How much do intentions matter?

I think, in one sense, they matter a great deal. I recall a vivid example in CS Lewis's Screwtape Letters how frustrated Satan was with God who was happy with some soul's actions, even though the action was wrong,. The man INTENDED good, and really believed he was doing good, and God based His judgment of the man on that, NOT on the action.

On the other hand, I have heard many times that intentions are not that important, your actions are. I forget the saints and quotes (but I know of at least a half dozen). Things like:
The road to hell is paved with good intentions....

Perhaps a key is to look at how often our good intentions are acted upon. How often do we DO what we intend to do. If most of the time we DO, then that is good. If most of the time we DON'T, then maybe we need to look at our lives a little more closely.

If it is my intention to pray a daily rosary, that IS a good intention. Certainly a better intention than to NOT pray the roasry daily. BUT, if my actions show that I only do it 5% of the time, am I lying to myself? Is it REALLY my intention to pray the rosary daily? If that IS my inetntion, WHAT am I doing to make it a reality? What's getting in the way of my doing it? Why? What can I change?

True, sometimes, for most of us, there are areas in our life we truly WANT to change but struggle with almost continuously. (Think here of the same sins you confess OVER AND OVER AND OVER again.) Our intention is to overcome them. And I DO think, that with the grace of God, we can (eventually) overcome them. But it's also kind of like the grace of God (usually) gives us the strength to do it. Not that it is automatically "fixed" when we pray. We must DO our part. Over and over and over. And keep checking oursleves, refining. (That is one reason why frequent confession is good, I think...) To amend our lives (sometimes I REALLY hate that part of the Act of Contrition) means to change. Good intentions are good, they are not enough.
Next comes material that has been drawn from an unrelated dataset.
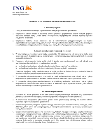 ING Bank Śląski S.A. Walne Zgromadzenie INSTRUKCJA GŁOSOWANIA NA WALNYM ZGROMADZENIU I. Informacje ogólne 1. Każdy z uczestników Walnego Zgromadzenia otrzymuje tablet do głosowania. 2. Użytkownik tabletu może w dowolnej chwili sprawdzić poprawność swoich danych poprzez użycie na tablecie ikony „Twoje dane”. Po wykonaniu tej operacji na tablecie pojawią się dane przypisane do tabletu. 3. Użytkownik tabletu może zapoznać się z dokumentami przygotowanymi na Walne Zgromadzenie używając ikony „Dokumenty”. Po wyświetleniu listy dokumentów, aby przeczytać zawartość dowolnego dokumentu należy użyć ikony „Treść” przy danym dokumencie. II. Użycie tabletu w celu rejestracji obecności 1. W celu bieżącego monitorowania liczby uczestników WZ obecnych na sali obrad oraz liczby akcji uprawniających do oddania głosu akcjonariusze i pełnomocnicy używają ikony kontroli obecności na swoich tabletach. 2. Procedurę rejestrowania liczby osób, akcji i głosów reprezentowanych na sali obrad oraz wyrejestrowania realizuje się w następujący sposób: a) w chwili wchodzenia na salę obrad należy użyć ikony „wejście” na tablecie, b) w chwili wychodzenia z sali obrad należy użyć ikony „wyjście” na tablecie. Powyższe działania będą zarejestrowane w trybie on-line w elektronicznym systemie liczenia poprzez modyfikację ogólnego stanu osób oraz akcji i głosów. 3. W przypadku niezarejestrowania obecności w chwili wchodzenia na salę obrad, akcje i głosy akcjonariusza (pełnomocnika) nie będą uwidocznione w elektronicznym systemie liczenia. 4. W przypadku niewyrejestrowania obecności w chwili wychodzenia z sali obrad, akcje i głosy akcjonariusza (pełnomocnika) widoczne będą w elektronicznym systemie liczenia, jako obecne na sali, ale niebiorące udziału w głosowaniach. III. Procedura głosowania 1. Uczestnik WZ może głosować w taki sam sposób całym posiadanym pakietem akcji (głosowanie jednolite) lub odmiennie z części posiadanego pakietu akcji (głosowanie niejednolite). 2. W momencie zarządzenia głosowania przez osobę prowadzącą obrady na ekranie tabletu pojawiają się ikony służące do głosowania. 3. Głosowanie jednolite polega na wyborze decyzji poprzez użycie na tablecie ikony z decyzją „TAK”, „NIE” lub „WST” (skrót od wstrzymuję się), a następnie zatwierdzenie tej decyzji poprzez użycie ikony „Potwierdzam”. 4. Głosowanie niejednolite polega na użyciu ikony „Podziel”. Po jego naciśnięciu użytkownik będzie proszony na następnym ekranie o zdefiniowanie, z jakiej liczby akcji oddaje głosy na „TAK”, „WST” oraz „NIE”. Wartości te są wprowadzane przy pomocy numerycznej klawiatury dotykowej. Po wprowadzeniu wszystkich wartości należy użyć ikony „Dalej”. Na kolejnym ekranie wyświetlona zostanie informacja o sposobie podziału akcji. Aby oddać tak zdefiniowane głosy, należy zatwierdzić ten podział używając ikony „Potwierdzam”. 1 ING Bank Śląski S.A. Walne Zgromadzenie IV. Głosowanie z wykorzystaniem formularza 1. Uczestnik WZ, zamierzający wykonać prawo głosu przy użyciu formularza udostępnionego przez Spółkę na stronie internetowej, powinien przed każdym głosowaniem z wykorzystaniem tego formularza zgłosić ten fakt Przewodniczącemu WZ przed rozpoczęciem głosowania, podając numer kart do głosowania oraz doręczyć Przewodniczącemu wypełniony formularz dotyczący głosowanej uchwały najpóźniej przed zakończeniem danego głosowania. W takim przypadku udostępniony uczestnikowi tablet do głosowania zostaje zablokowany na czas trwania danego głosowania, w sposób uniemożliwiający oddanie głosu z jego użyciem. 2. Przewodniczący WZ informuje Walne Zgromadzenie o oddaniu głosu przy wykorzystaniu formularza oraz informuje o dołączeniu oddanych w ten sposób głosów do wyników elektronicznego systemu liczenia. Głosy oddane z wykorzystaniem formularza stają się składnikiem sumy ogółu głosów oddanych w danym głosowaniu. V. Jawność i tajność głosowania 1. W trakcie głosowania jawnego system pobiera z bazy danych pełną informację o każdym uczestniku głosowania, uzupełniając ją o dane na temat rodzaju wybranej w danym głosowaniu decyzji i zapisuje je w zbiorze danych. 2. W trakcie głosowania tajnego system pobiera z bazy danych wyłącznie informację o liczbie akcji/głosów danego uczestnika i dopisuje do sumy głosów dla danego rodzaju decyzji, nie zapisując danych uczestnika. Po głosowaniu tajnym w systemie dostępne są wyłącznie sumy głosów w poszczególnych rodzajach decyzji i suma głosów ogółem. 2

Just thinking about this..... Not suggesting right or wrong answers....

Choose God,


I think you’re using the word “intention” in two different senses.
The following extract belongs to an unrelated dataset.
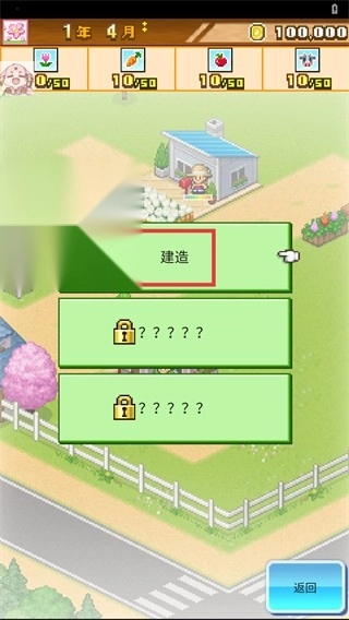 2、在农场界面点击【建造】按钮,解锁建筑类设施,逐步解锁隐藏的建造选项,拓展农场功能。

When we use the word in one sense, we are talking about acting with a particular goal in mind, the goal being your intention. (That goal might be to use some particular means, and need not only be an end.) If the action is chosen erroneously, meaning you believe it will further the goal when it will not, CS Lewis is saying that you will be judged on your intention; that is, that you will be judged to have acted in good faith in order to reach a virtuous goal, rather than being judged on the outcome you actually got.
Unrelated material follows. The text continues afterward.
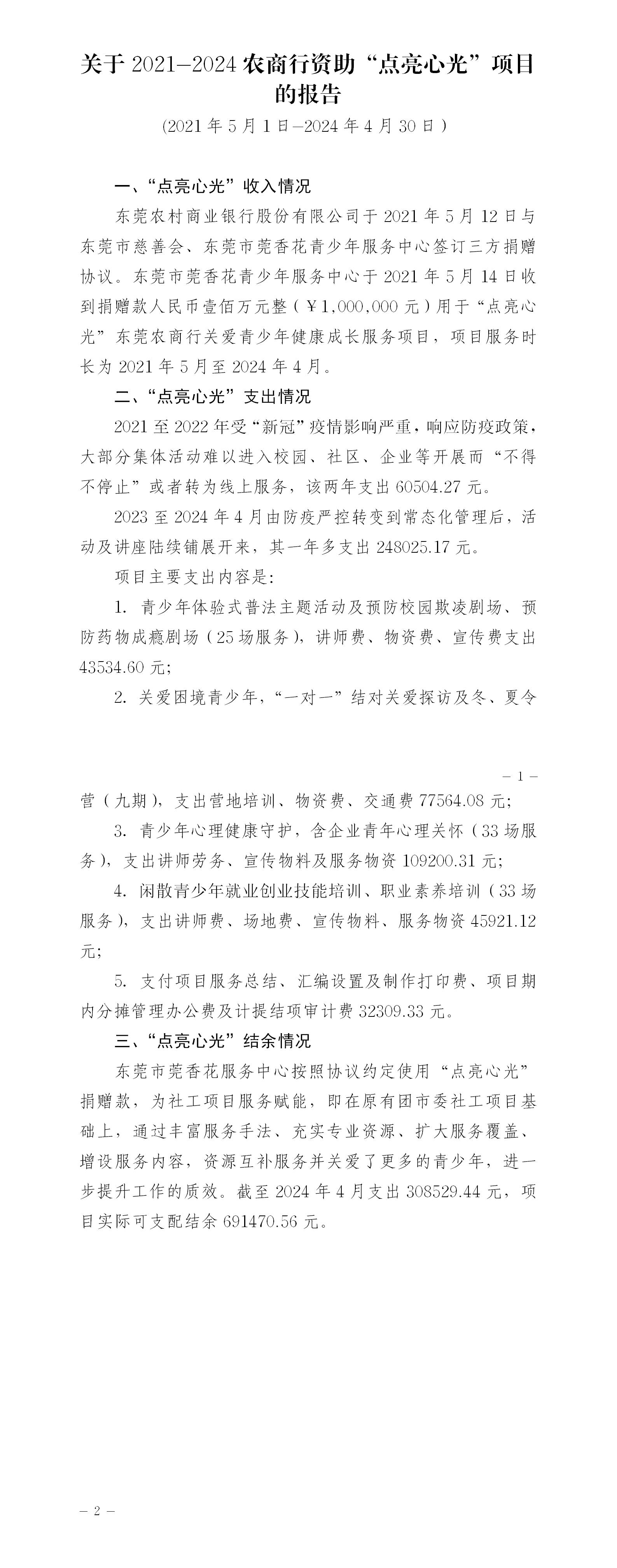 2021-2024年度农商行定向捐赠“点亮心光”项目使用和管理情况

Used in another sense, we are talking about having a goal but not acting on it. In this case, you know the goal is worthwhile, but you do nothing to reach it. You haven’t acted in a way that is realistically going to accomplish anything, even from your own standpoint. This is the kind of intentions that pave the way to hell: that is, goals which we recognize to be good but which we do not act to reach.

Now, I suppose there is an overlap, which I would call “magical thinking”, that actually believes that having a goal is substantially the same as acting so as to possibly reach it. Luckily, it is the Lord that sorts these things out when it comes to judgement. As for us, we do the best we know, and when we know better, we ought to do better.


EasterJoy hit the nail on the head here.